Connecticut Attorney General Richard Blumenthal and counterparts in seven states called on the company, owned by media tycoon Rupert Murdoch’s News Corp., to hand over the offenders’ names and addresses.
Sources told the attorneys general that MySpace had discovered thousands of sex offenders on its site in an internal investigation, Blumenthal said. He did not give the identity of the sources.
One of the solutions proposed is to implement strict age verification measures on the users of these sites. Theoretically, such an approach would prevent adults from pretending to be children, and would also prevent younger members registering as being older to avoid age-based restrictions.
An interesting article by Jacqui Cheng, Why age verification won’t cure what ails social networking sites, pokes some holes in that theory.
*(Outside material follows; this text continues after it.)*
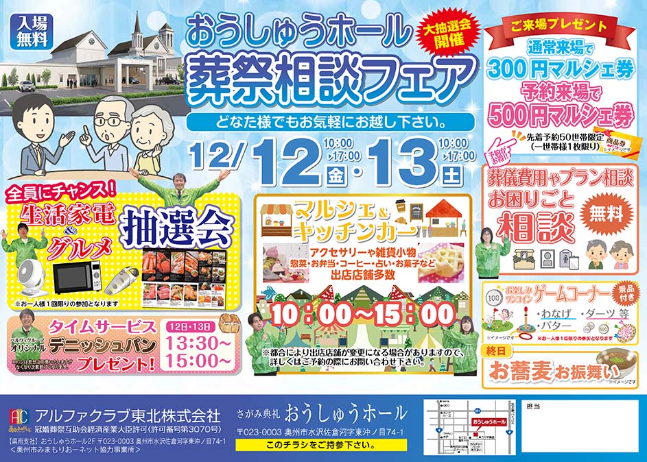 <岩手県>【12月12日~13日 おうしゅうホール 葬祭相談フェア】お葬式や相続のわからないこと、じっくり聞けるイベント☆参加無料☆

While verifying that an individual is an adult is at least possible by requiring various forms of identification issued only to adults, proving that an individual is a child is more problematic. Kids don’t have drivers licenses, credit cards, or other IDs. In addition, the ease of falsifying identification online is fairly easy. Credentials can be borrowed or stolen, and steps like checking a photo ID aren’t currently possible.
Beyond the ease of falsifying one’s age at time of registration, Cheng’s article also points out that “verified” identities can be sold.
Perhaps the biggest nail in the coffin of age verification is the statistic that in most cases where an assault occurred, age falsification wasn’t an issue:
in 95 percent of the cases in which a child was assaulted by an adult that he or she met online, they were well aware that they were speaking to an adult. Not just that, but nearly 80 percent of the time, they were aware of the adult’s intentions to have sex with them, and they voluntarily met up with said adult 83 percent of the time.
The real danger, it seems, is that age verification provides a false sense of security. First, it adds credibility to a potentially false claimed age, a sort of certification stamp that ignores the ease of falsification. Second, it may imply a sense of security to parents who don’t realize that children may be susceptible to being lured into dangerous situations by people they know are adults.
I think it’s inevitable that age verification steps will be implemented at social networking sites, and that the technology may improve a bit. And I’m sure that convicted pedophiles will be legally banned from such sites, just as they might be banned from frequenting schoolyards or playgrounds. But we should be careful not to rely too much on these limited steps, as they won’t be completely effective in keeping predators separated from their prey.